- Go to see a film with the New Daddy and maybe have a drink (note the singular) in the cinema bar (where it's safe to say you'll only have the one because it's like drinking in the lobby of an unpleasantly cheap hotel).
- Meet Annie and Jenna for cocktails, Scrabble and gossip about boys.
- Have a cocktail party where I drank all of the cocktails and everyone else drank beer. And then go out.
- Pay €6.10 for a pint in a disgracefully unhip city centre bar.
- Buy rounds of Jaegerbombs on my already-into-the-overdraft Laser card and think it some kind of free money and booze deal when the barman consents to give me cash back (note: not in the same bar, I'd have needed the credit card to buy them there).

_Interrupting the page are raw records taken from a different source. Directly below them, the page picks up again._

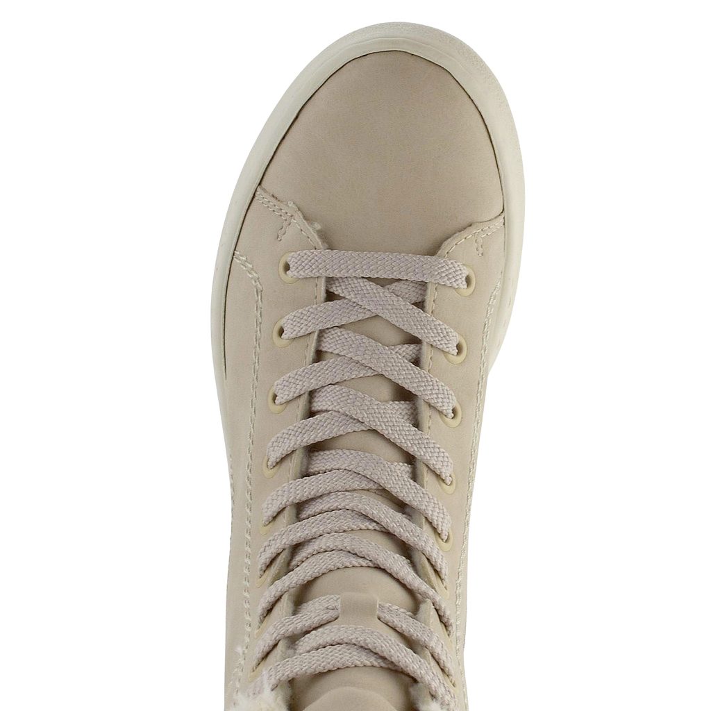 Šnurovacia dámska členková obuv vo svetlo béžovej farbe, s teplou baránkovou podšívkou a vyššou rovnou platformou.
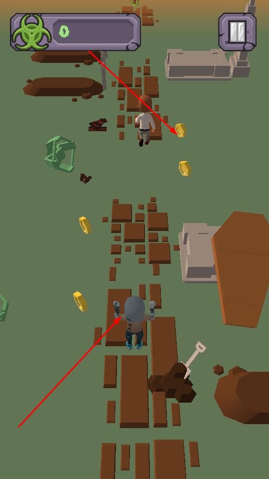 1、需要进入游戏,操控僵尸角色在破碎地形奔跑,沿路径收集金色硬币,留意上方生化进度条变化,开启跑酷挑战。
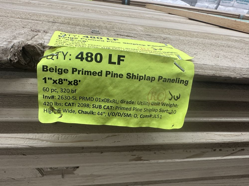 Beige Primed Pine Shiplap Paneling 1"x8"x8'. 60 Pieces, 320 Board Foot, Grade: Utility . Weight: 420. Sold by: Linear Foot. Sold as: Price X Quantity. Inventory #: 2630-SL PRMD 01x08xRL
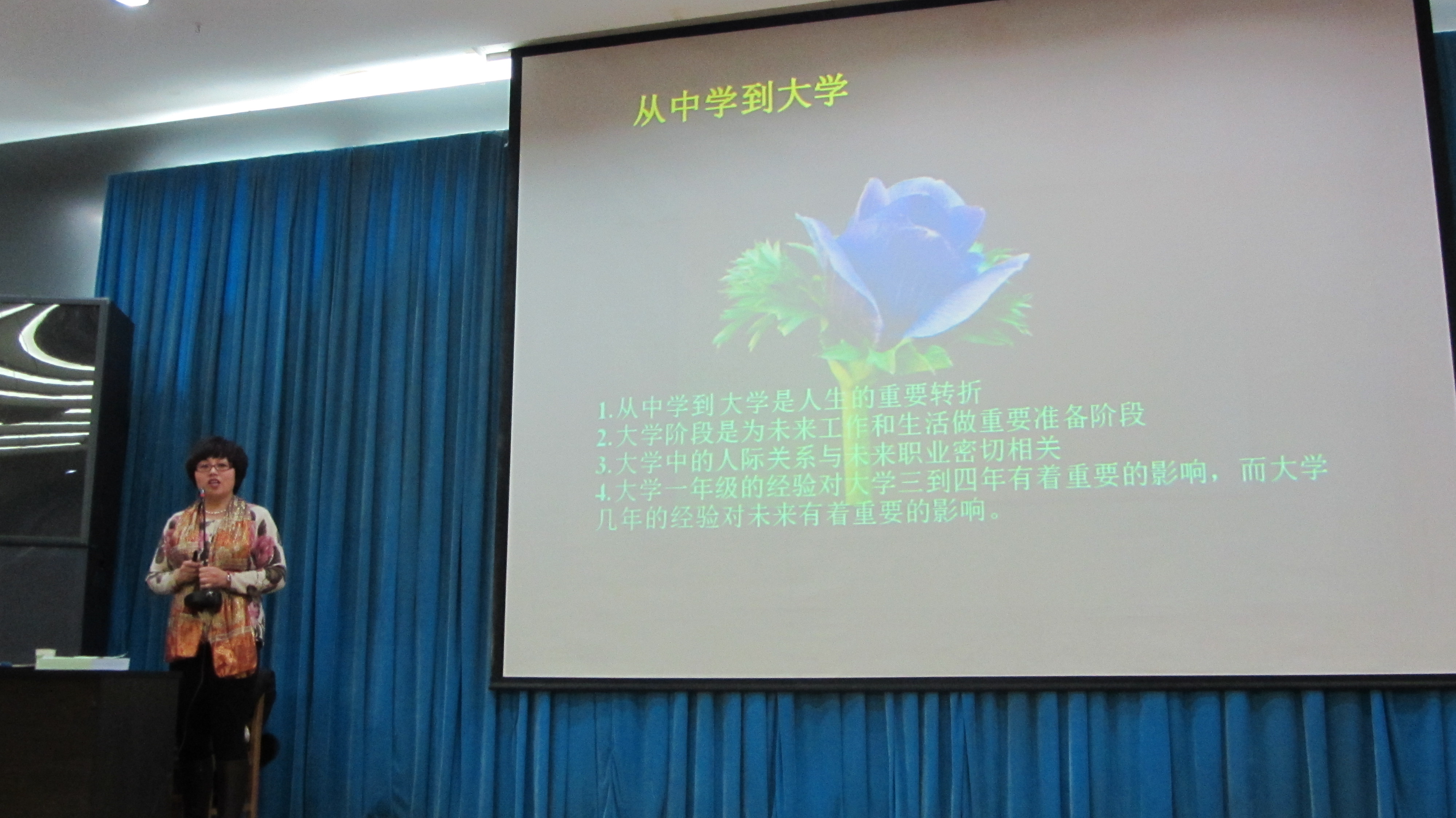 丁书新老师亲切和蔼地讲述她的求学经历,循循善诱地教导学生如何以阳光快乐的心态,面对大学生活学习中的种种困难和挑战。另外,在处理同学间人际关系的技巧方面,丁老师提出爱的语言.爱的行动.爱的礼物.爱的时间.爱的服务等五项内容,并鼓励我们积极地给自己爱的银行存款,善待他人,建立融洽和谐的大学同学关系。讲座期间,丁老师积极与同学互动,针对学生提出的各种问题进行了详细的解答。

- Drink the bottle of champagne that the Leitrim Lady presented me with on my last birthday and that had been kept back for a "special occasion". Am now pretty sure that bringing a drunk brother, two of his friends and comatose Polish man back to your flat does not constitute such a special occasion.
- Tuck the comatose Pole up with a blanket on the couch and head off with the other three to a rave in an underground garage, to dirty dance like an uncoordinated epileptic until it was very very bright outside.
- Not go straight to sleep when I did finally get home. In fact, not go to sleep at all.
- Send Annie a rambling, shambling, apologetic text message begging for a raincheck.
Had I done what I was supposed to do I'm pretty sure I would have two new friends and a bruised ego after a serious Scrabble shitkicking. However, chances are I'd also have a nasty tummy bug, as the New Parents and Fake Neice all caught a dose of something rotten. Having done instead what I wasn't supposed to do at all I now have one of the worst hangovers in living memory and a big shiteating grin to go with it.